Dazu passt die Tagebuchnotiz vom 2. Februar:
Ich werde trotz allem den Garten noch einmal umgraben. Es wäre schade um Kartoffeln und Gemüse, auch um die Erdbeeren. In diesem Jahr könnte ich ja noch einmal ernten. Und trotz allem: ich werde eine Reise nach Ungarn planen. Immer unterwegs, niemals fertig, niemals ein Abschluss. Immer ein Kampf zwischen Idyll und Realität, Träumen und Abmachungen, zwischen der großen Welt und meinem kleinen Leben.
About the author
Renate Krüger
Geboren 1934 in Spremberg/Niederlausitz. Seit 1939 in Schwerin ansässig.

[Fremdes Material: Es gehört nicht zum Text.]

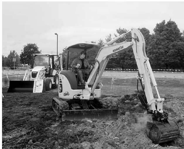
ICUEE attendees had the chance to try the latest in utility equipment, including Komatsu's PC35MR-2 excavator.

Komatsu's display area included a variety of machines such as compact track loaders, skid steer loaders, excavators and backhoe loaders.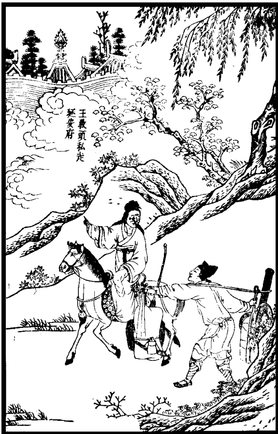
Wang Jin and his mother escape from the Capital after Gao Qiu is installed as commander of the Imperial Guard

There are several other ways to create a character for yourself. The easiest way is to take one of the Water Margin characters or sample character types listed in the Extras chapter. If you're not entirely satisfied with it, you'll have to go through and change the details to suit yourself. If you do change details you should be careful to check the relevant section in this chapter. Then, choose a name and flesh out the background to make the character truly yours. Alternatively, have a look at the Simple Character Creation box on this page. This suggests a way of developing a character while you play the game. That way you don't have to spend hours pondering over them before the game, but can 'make it up as you go along'.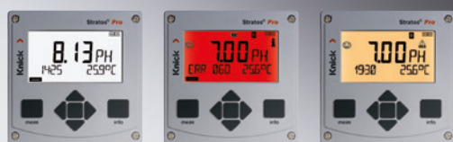
White: Measuring mode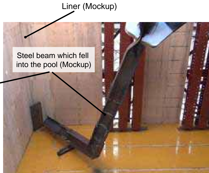
Mockup test (Steel beam being grabbed)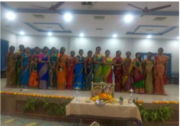
Traditional day celebrations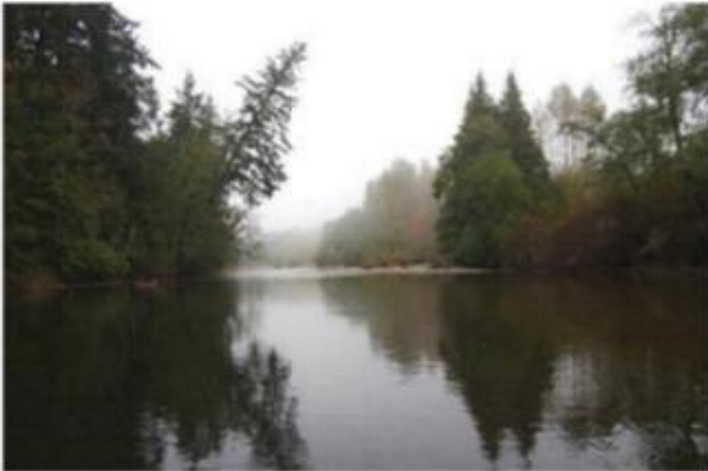
Reach E2 DS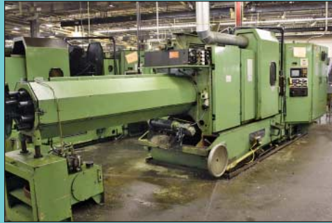
(2) 1-1/4" Schutte Type AF32 Eight-Spindle Automatic Bar Machines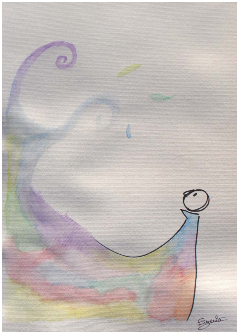
by Eugenio del Nobile

There's a little truth behind every just kidding, a little curiosity behind every just wondering, a little knowledge behind every I don't know, and a little emotion behind every I don't care.

Studium der Kunstgeschichte und klassischen Archäologie in Rostock.
Tätigkeit am Staatlichen Museum Schwerin. 1965 Verlust des Arbeitsplatzes aus politischen Gründen, seither freiberuflich als Publizistin und Schriftstellerin tätig:
Sachbücher (Die Kunst der Synagoge 1966, Das Zeitalter der Empfindsamkeit 1972, Biedermeier 1979, Spurensuche in Mecklenburg 1999, Aufbruch aus Mecklenburg. Die Welt der Gertrud von le Fort, 2000),
Belletristik (Licht auf dunklem Grund, Rembrandt-Roman, 1967, Der Tanz von Avignon, Holbein-Roman 1969, Saat und Ernte des Joseph Fabisiak, 1969, Nürnberger Tand 1974, Malt, Hände, malt, Cranach-Roman 1975, Jenseits von Ninive, 1975, Aus Morgen und Abend der Tag, Runge-Roman, 1977, Wolfgang Amadés Erben, 1979, Türme am Horizont, Notke-Roman 1982, Die stumme Braut, 2001, Paradiesgärtlein, 2008),
Jugendbücher (Geisterstunde in Sanssouci, Menzel-Erzählung 1980, Das Männleinlaufen, Alt-Nürnberger Geschichte 1983, Des Königs Musikant, Erzählung über Carl Philipp Emanuel Bach 1985).
Nach 1989 Mitarbeit am Aufbau der parlamentarischen Demokratie in Mecklenburg-Vorpommern, Archivarbeiten.